TL;DR The road to prosperity got harder and a lot of people that had no real
desire to be on that road in the first place are upset about it.

Post Script:

Of course this doesn't mean to say that there aren't people legitimately
passionate about their field that are having troubles finding meaningful
employment.

------
wccrawford
So to boil that down, it's not the same because you can't sell or trade a
diploma, and you can't go bankrupt to get out of the debt.

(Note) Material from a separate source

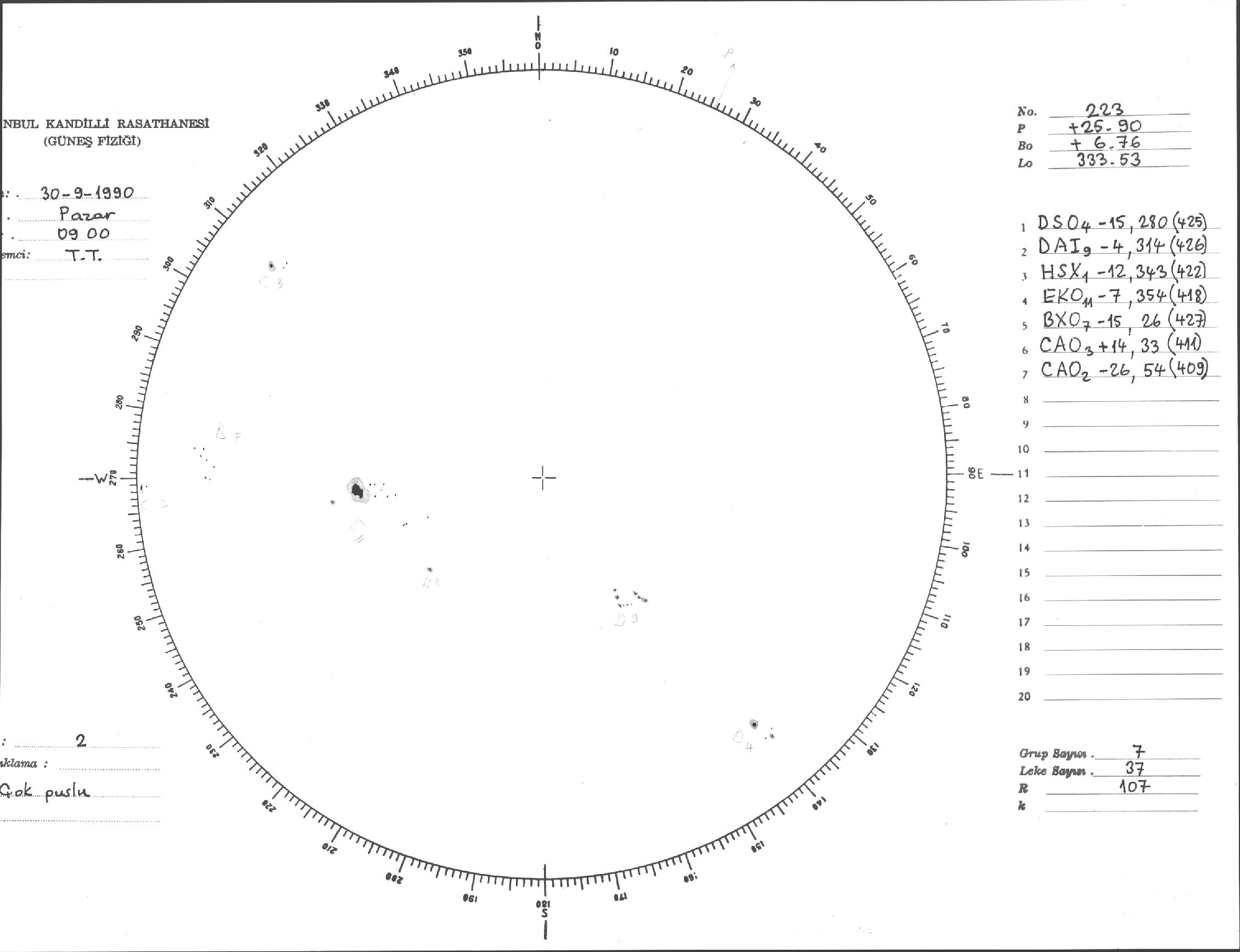 Güneş Lekesi Çizimi - 30.09.1990

... Doesn't that just make it worse?

Oh wait, there was one more. He claims that a degree is a 'guarantor' of
better wages your whole life. That's obviously not true. On the average,
people with degrees get paid more. But there are plenty who have lesser jobs
than those without... And even some that have no job.

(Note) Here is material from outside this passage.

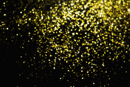 Abstract blurred glitter bokeh background in gold, on black

I personally went over a year jobless, and then half a year working as a stock
clerk, after I graduated from college. In the end, my degree did not get me
the job. My skills did. Skills that I had before I got the paper.

------
noelchurchill
I don't think anyone believes there is actually a bubble in diplomas.
Obviously there aren't any DBS's (diploma backed securities), or diploma
flipping schemes.

However you might be able to make the case that there is a bubble related to
university costs, or the market for university grads. Tuition costs continue
to rise while wages remain stagnant and jobless rates remain high. If this
trend continues long enough, the demand for diplomas is bound to go down and
universities will be forced to lower their costs.

------
vannevar
Finally a voice of reason amid the hysterical hyperbole. No, higher education
is not a bubble. It can't be, because there is no market for degrees. They can
be produced and they can be bought, but they cannot be resold. It amazes me
that so many otherwise intelligent people can't grasp this glaring difference
with the housing market.

------
MarkPNeyer
Imagine having an eager young pupil who would watch you code and point out
simple mistakes (spelling errors) while you explained to her what you were
doing and why. The pupil would learn much faster about how code works and what
the 'work world' is like than they would in college, and you get valuable
programming help. They used to call this sort of thing an apprenticeship - why
don't we do that any more?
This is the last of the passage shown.